§ Dataset section:
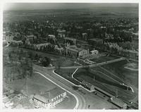 Aerial views of the campus of Princeton University, Princeton, New Jersey. Chartered 1746 as the College of New Jersey. Name changed to Princeton University in 1896. Depicts many campus buildings and two views (1228 and 1253) show nearby railroad station.
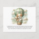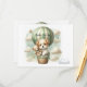 Adventure themed baby shower "Books for Baby" enclosure card with an adorable white and tan puppy holding a teddy bear riding in a green hot air balloon. The watercolor green sky has white clouds with surrounding gold stars. An open book outline on front with poem on the back.
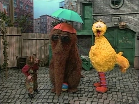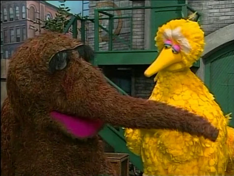SCENE 5 | Snuffy wonders the amazing way Big Bird will announce the sponsors. Big Bird states he'll simply recite them without doing anything (a concept Snuffy still finds amazing anyhow). |

§ Task objective:
Starting at the first line of the material, output exactly the lines up to and including the one with "Adventure themed baby". Do not include the pictures.

§ Exercise output:
 Aerial views of the campus of Princeton University, Princeton, New Jersey. Chartered 1746 as the College of New Jersey. Name changed to Princeton University in 1896. Depicts many campus buildings and two views (1228 and 1253) show nearby railroad station.
 Adventure themed baby shower "Books for Baby" enclosure card with an adorable white and tan puppy holding a teddy bear riding in a green hot air balloon. The watercolor green sky has white clouds with surrounding gold stars. An open book outline on front with poem on the back.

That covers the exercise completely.